#### Try it:
Reproduce only the lines below from the line containing "Wybierz zakręcone kawałki" to the line containing "Wide Woven Vegan", exactly as written, with both end lines kept. Omit the pictures.

#### Data in this exercise:

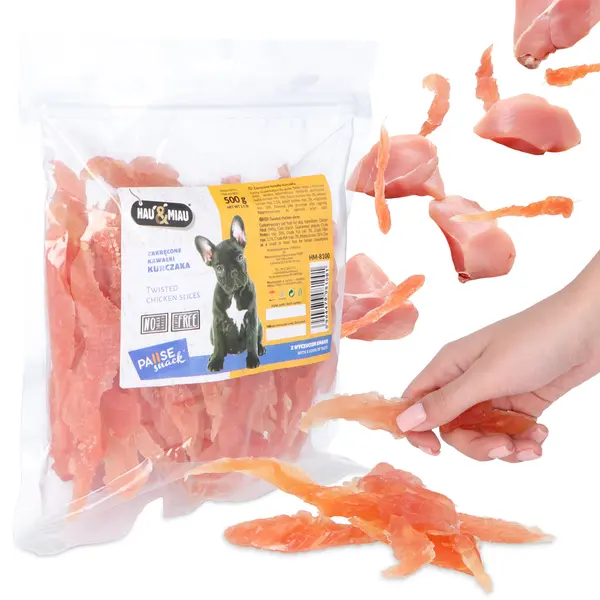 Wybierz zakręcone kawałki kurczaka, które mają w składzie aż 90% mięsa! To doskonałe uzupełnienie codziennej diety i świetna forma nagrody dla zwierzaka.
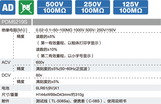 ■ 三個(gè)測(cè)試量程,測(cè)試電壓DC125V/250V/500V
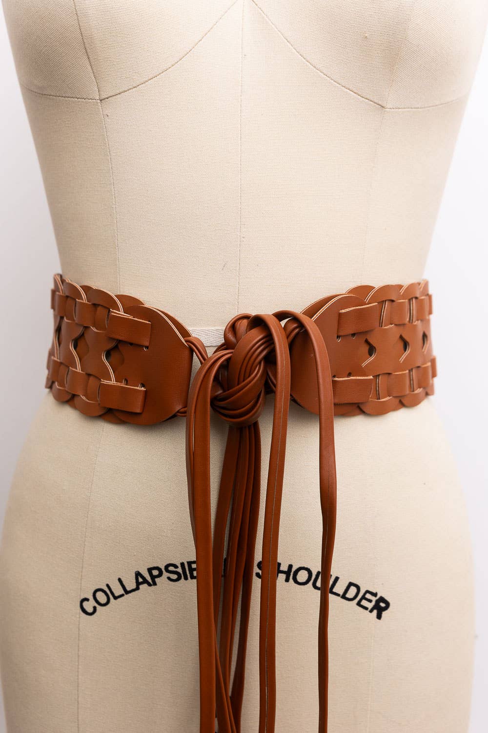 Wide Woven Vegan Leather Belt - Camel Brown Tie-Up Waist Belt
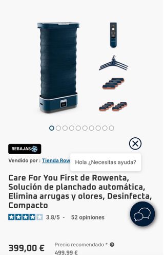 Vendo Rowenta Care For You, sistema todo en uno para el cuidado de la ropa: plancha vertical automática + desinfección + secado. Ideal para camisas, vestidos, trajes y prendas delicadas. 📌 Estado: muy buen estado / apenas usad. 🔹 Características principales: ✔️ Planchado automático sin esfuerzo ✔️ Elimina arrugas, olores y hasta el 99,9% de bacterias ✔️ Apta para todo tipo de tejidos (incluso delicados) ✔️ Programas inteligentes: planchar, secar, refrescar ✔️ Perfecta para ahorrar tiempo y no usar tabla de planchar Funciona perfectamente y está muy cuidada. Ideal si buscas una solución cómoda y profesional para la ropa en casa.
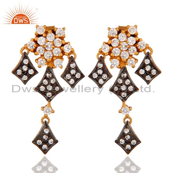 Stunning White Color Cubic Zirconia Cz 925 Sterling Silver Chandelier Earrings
* * *
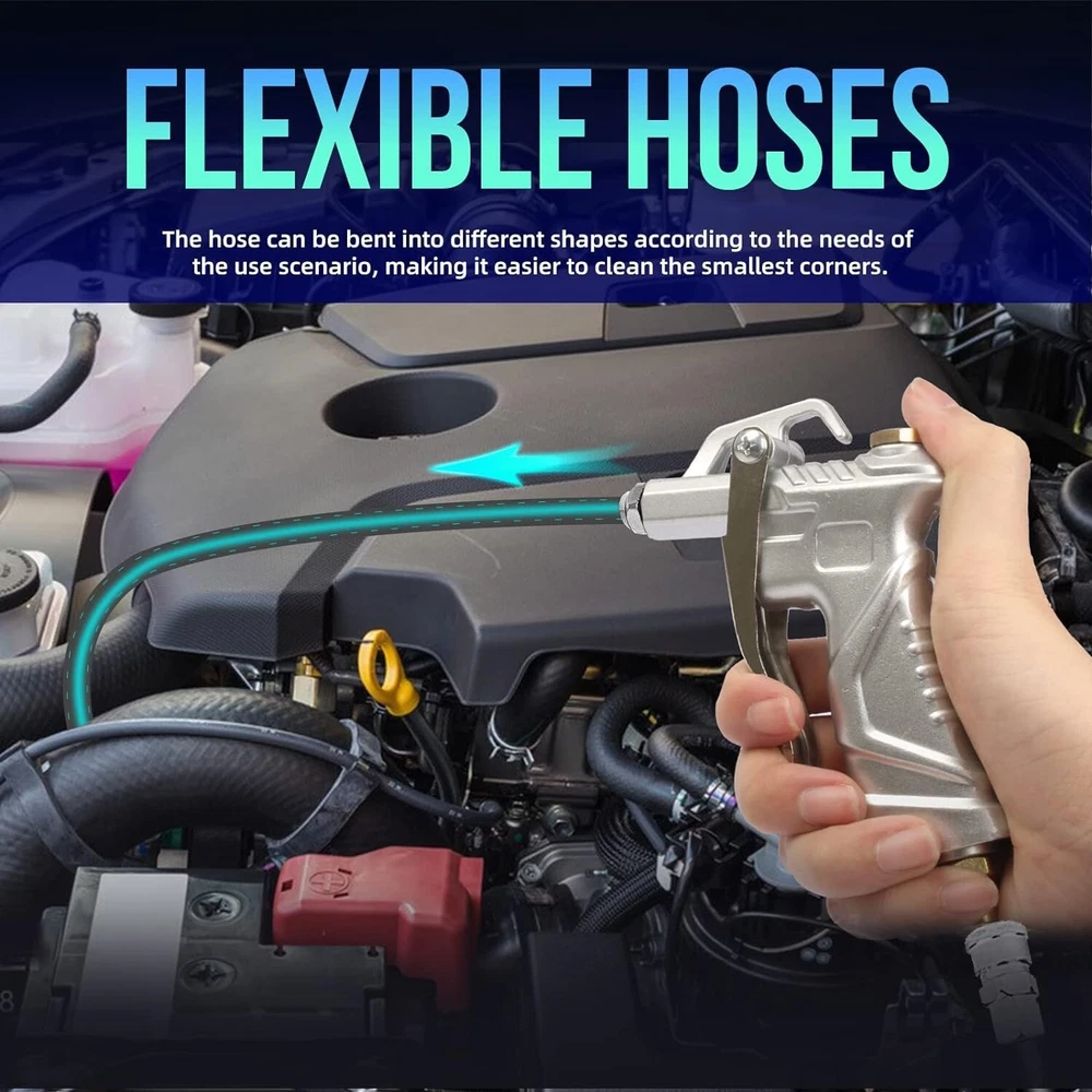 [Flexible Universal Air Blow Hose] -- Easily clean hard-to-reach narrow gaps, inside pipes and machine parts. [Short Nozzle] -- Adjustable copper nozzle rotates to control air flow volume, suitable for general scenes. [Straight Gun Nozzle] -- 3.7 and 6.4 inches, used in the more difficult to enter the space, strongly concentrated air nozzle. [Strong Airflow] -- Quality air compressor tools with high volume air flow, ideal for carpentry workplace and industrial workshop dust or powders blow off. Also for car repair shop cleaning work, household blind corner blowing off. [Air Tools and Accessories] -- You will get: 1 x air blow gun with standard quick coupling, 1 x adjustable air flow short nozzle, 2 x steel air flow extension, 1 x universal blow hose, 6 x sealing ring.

#### Response area:
 Wybierz zakręcone kawałki kurczaka, które mają w składzie aż 90% mięsa! To doskonałe uzupełnienie codziennej diety i świetna forma nagrody dla zwierzaka.
 ■ 三個(gè)測(cè)試量程,測(cè)試電壓DC125V/250V/500V
 Wide Woven Vegan Leather Belt - Camel Brown Tie-Up Waist Belt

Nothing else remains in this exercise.